Great! Get a 1911 and enjoy the hell out of it. I love my Dan Wesson Heritage. To me, it's range gun, a tool to teach others about firearms and something I will probably shoot for USPSA competition some day. If you think you are a gun guy, you should own a 1911. I own a S&W 625 revolver for the same reasons.

You said you wanted it as a carry gun. The only way I would regularly carry my Heritage would be if draconian magazine and ammunition restrictions were put in place. Even then, I'd probably buy a Sig P320, in 45, so that I could carry a lighter, more compact gun.

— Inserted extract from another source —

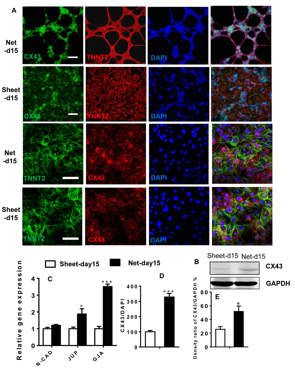 To determine the effect of CM shape on the expression of connection proteins typically found in the heart, we examined the proteins and RNA from net-shaped and sheet-shaped CMs. Connexin 43 (CX43, the primary gap junction in working CMs), plakoglobin (GUP) and N-cadherin (components of desmosomes and adherens junctions, respectively, located at intercalated discs in the human heart) were up-regulated (Figure 6C) in the net-shaped group. Western blots and immunostaining showed increased expression of CX43 in net-shaped compared with sheet-shaped CMs (Figure 6A, B, D, and E). The results indicated that robust contraction plays a vital role in the maturation of intercalated discs.

BTW, Get the Dan Wesson. They are right at the cross over point between a mass produced gun and a full hand fit gun. No scrimping on parts. But no extras that you don't need.


----------



## dakota1911 (Jun 9, 2015)

My bias would lean to the Dan Wesson if you have the funds. If money is an issue I would look at the SA.


----------



## Bisley (Aug 24, 2008)

I like Springfields a lot, but if money wasn't a factor, I'd try the Dan Wesson.


----------



## Bisley (Aug 24, 2008)

(Double-post)


----------



## bluedog46 (Jan 29, 2015)

mmais68569 said:


> Posting a poll I have narrowed my choice of 1911's to 5 models;
> 
> This will be my first 1911 & I am in hopes of using it for my daily carry in an OWB holster
> 
> ...


Everything looks good. Since you only get one extra round in 9mm I would go with a .45 acp. Any reason Kimber or Colt are not on the list? They make some good guns and you can also often find them used. Springfield 45acp 1911's have also been really good when I shot them. I personally have a colt 1911 commander and its been flawless and an ati fx commander. The onlything about most 1911 pistols is they are picky about hollow points. I recommend corbon or hornady critical defense.


----------



## DLYskes1976 (Sep 15, 2015)

I'd go with the 45 platform, I have a Sig scorpion 45 carry model and use it for my edc... I also have a IWB holster too, so printing is very minimal if at any... as for extra rounds I always have a extra 10 round mag with me in my pants pocket..


----------



## boatdoc173 (Mar 15, 2014)

I can only comment on what I own --Dan WEsson Guardian

nic egun--took me a while to hit POA=poi--but that is just me--my wife and others who shoot it --love it too

by the way--if you are NOT in a rush--Lipseys.com is listing almost every Dan wesson as coming out in 2016 in 9mm--lots of choices

good luck

happy shooting


----------